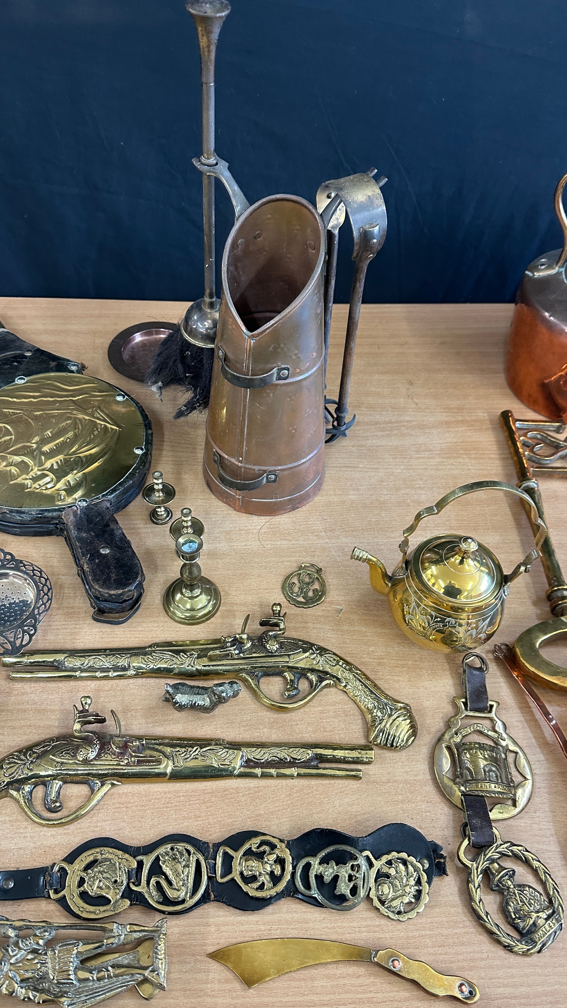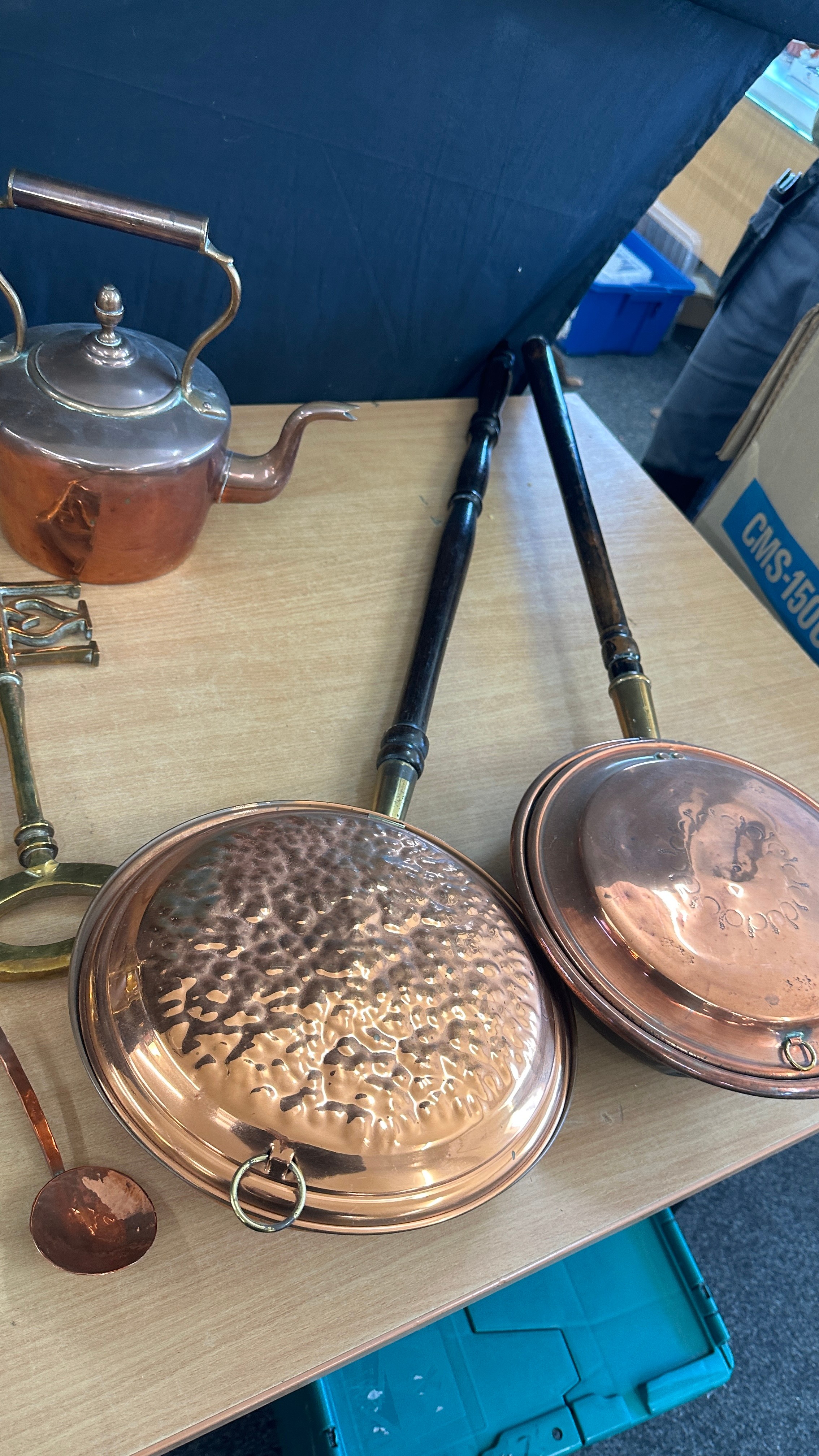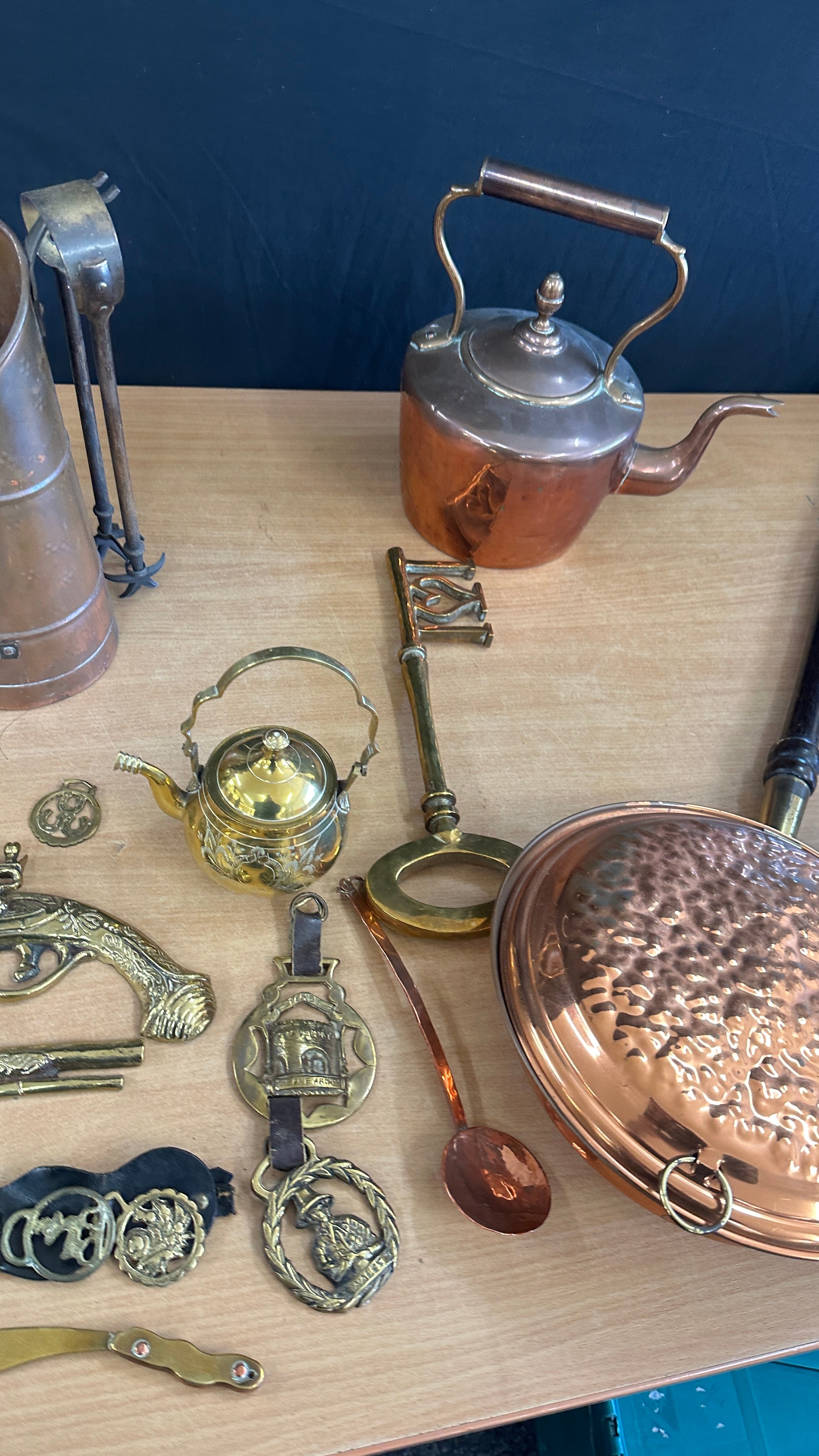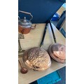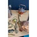 Selection of vintage brass and copper ware to include warming pans, kettles, brass ladies
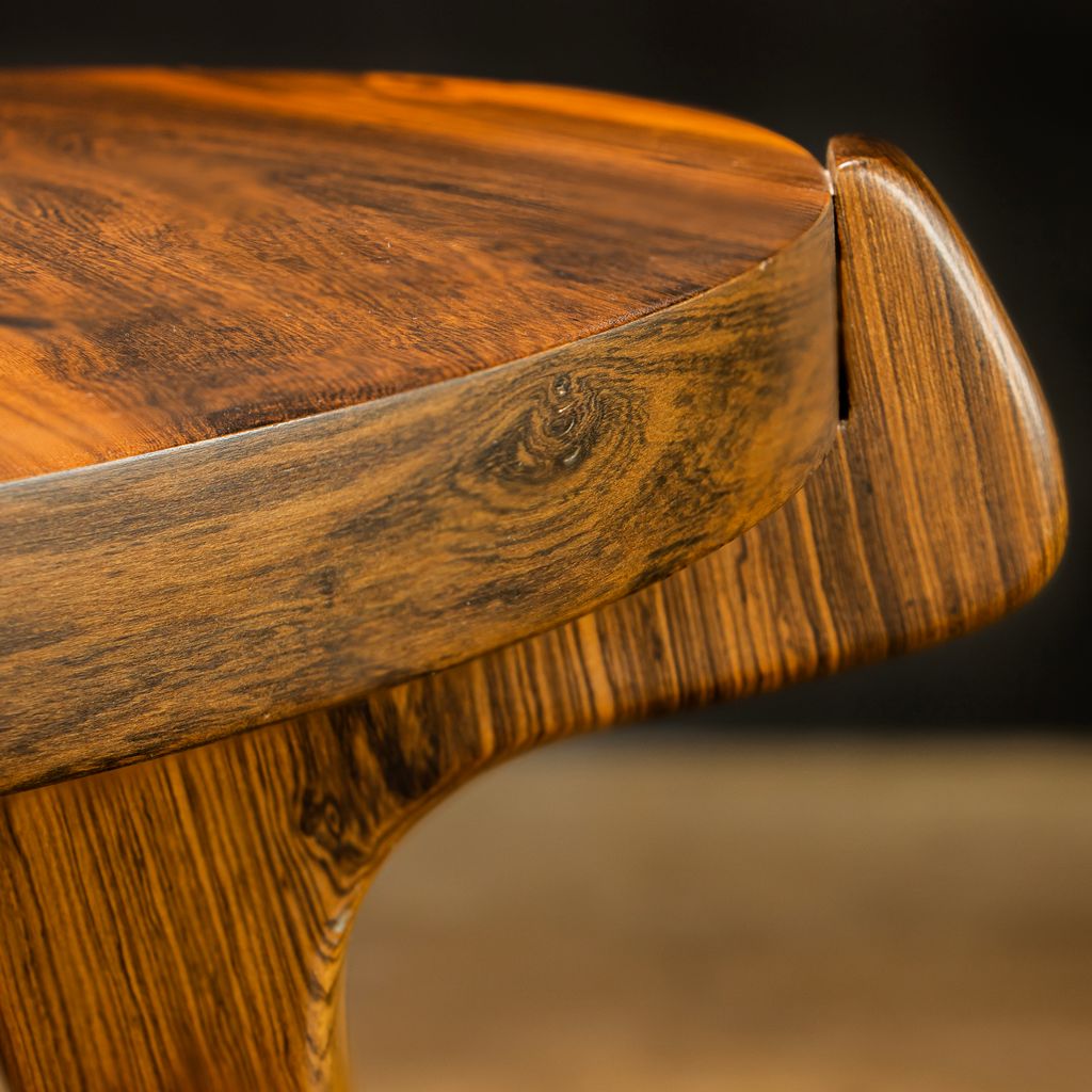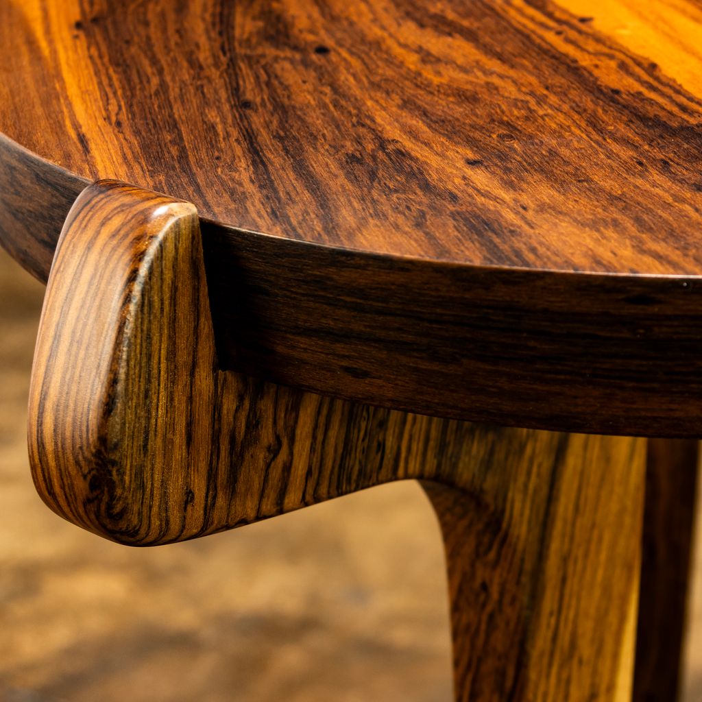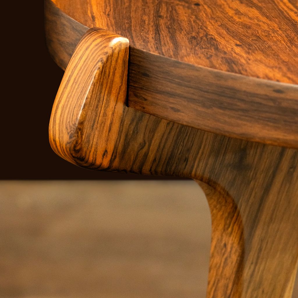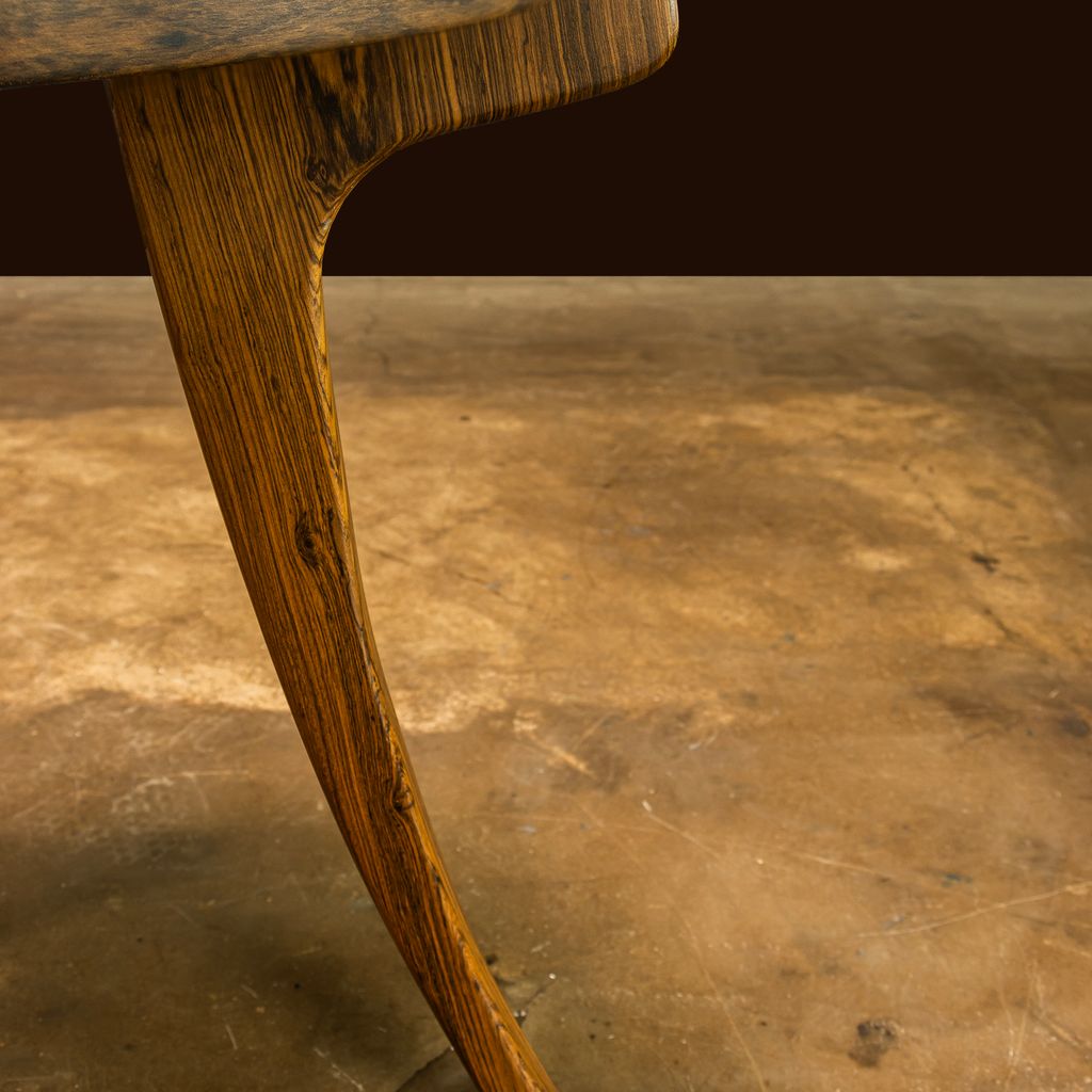 The sabre-legs of the Uccello Table give a nod to the form of the timeless Klismos chair, and subtly rise above the surface by a few millimeters. Shown in natural Argentine Rosewood, but can be specified in any combination of solid wood for the legs, and veneer for the top.
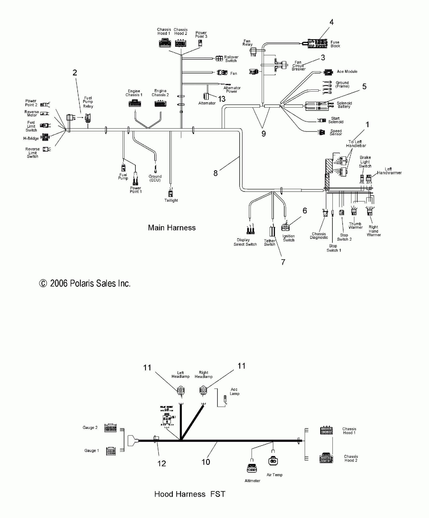 Polaris FST IQ SWITCHBACK - S07PS7FS/FE WIRE HARNESS, MAIN/HOOD - S07PS7FS/FE (49SNOWWIREHARNESSFSTSWTCH) Diagram
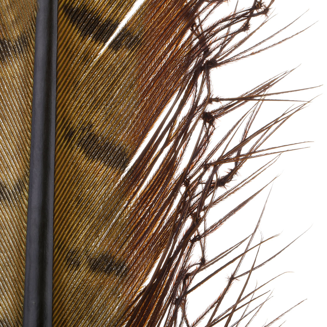 Die Schwanzfeder des Fasans eignet sich hervorragend zum Binden von Beinchen aller Art – zum Beispiel für Grashüpfer (Hopper) oder Schnaken (Cranefly oder Daddy Long Leg). Hierzu wird in die feinen Fibern des Naturmaterials ein Knoten gezogen, der die Segmentierung des Insektenbeines imitiert. Und weil das Knoten der empfindlichen Pheasant Tail Feder nicht ganz so einfach ist, erhältst du hier ein großes Stück einer Feder im Naturton mit bereits fertigen Knoten. So geht das Binden von fängigen Mustern viel schneller von der Hand und du sparst dir einige Nerven am Bindestock.

-- EXERCISE AIM --
Both boundary lines included, write out word for word only the lines above from the one containing "The sabre-legs of" to the one containing "Polaris FST IQ", leaving out any pictures.

-- RESULT OF THE EXERCISE --
 The sabre-legs of the Uccello Table give a nod to the form of the timeless Klismos chair, and subtly rise above the surface by a few millimeters. Shown in natural Argentine Rosewood, but can be specified in any combination of solid wood for the legs, and veneer for the top.
 Polaris FST IQ SWITCHBACK - S07PS7FS/FE WIRE HARNESS, MAIN/HOOD - S07PS7FS/FE (49SNOWWIREHARNESSFSTSWTCH) Diagram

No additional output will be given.